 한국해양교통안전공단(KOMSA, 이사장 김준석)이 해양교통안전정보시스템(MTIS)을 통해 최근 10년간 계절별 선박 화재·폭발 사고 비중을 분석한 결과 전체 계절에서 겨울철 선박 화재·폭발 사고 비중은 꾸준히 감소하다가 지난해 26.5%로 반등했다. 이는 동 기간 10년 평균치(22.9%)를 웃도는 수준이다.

══════════

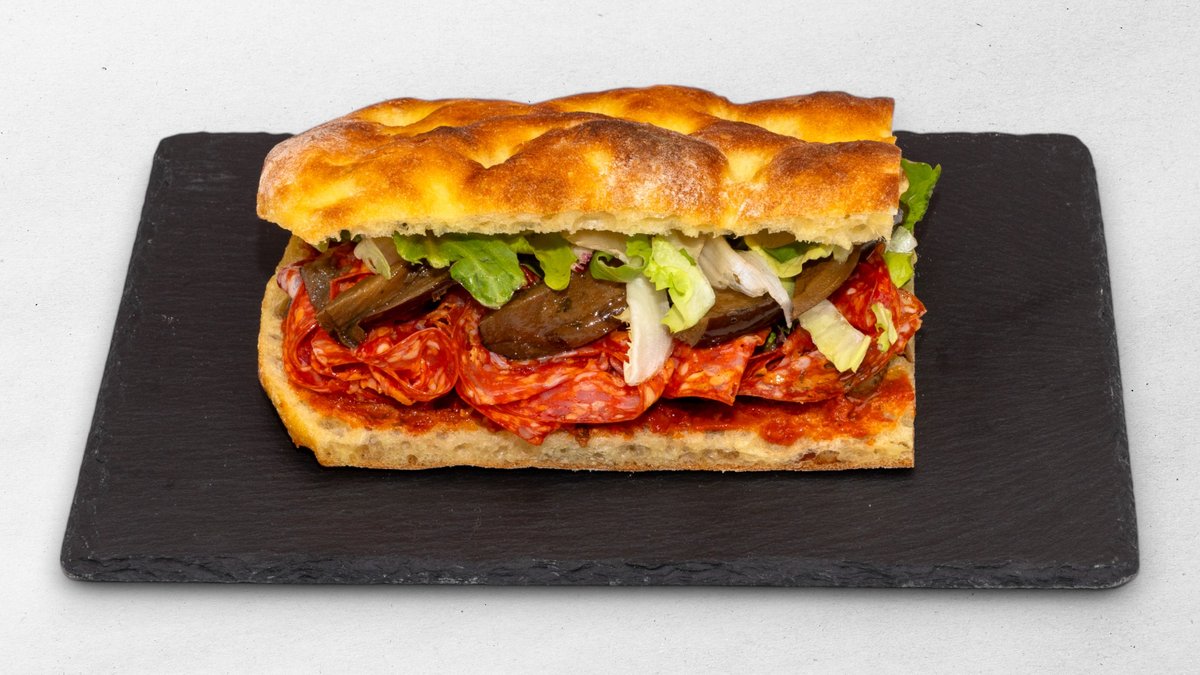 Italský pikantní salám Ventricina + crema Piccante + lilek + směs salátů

══════════

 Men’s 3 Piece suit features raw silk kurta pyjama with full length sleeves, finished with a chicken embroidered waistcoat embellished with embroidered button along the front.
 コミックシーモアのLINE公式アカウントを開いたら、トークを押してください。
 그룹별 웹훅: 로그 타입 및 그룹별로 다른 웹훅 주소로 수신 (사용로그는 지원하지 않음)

══════════

TASK OBJECTIVE
All lines above from the one holding "Men’s 3 Piece" to the one holding "그룹별 웹훅: 로그 타입", inclusive, are to be copied exactly; no other line is wanted.

SOLUTION TO THIS TASK
 Men’s 3 Piece suit features raw silk kurta pyjama with full length sleeves, finished with a chicken embroidered waistcoat embellished with embroidered button along the front.
 コミックシーモアのLINE公式アカウントを開いたら、トークを押してください。
 그룹별 웹훅: 로그 타입 및 그룹별로 다른 웹훅 주소로 수신 (사용로그는 지원하지 않음)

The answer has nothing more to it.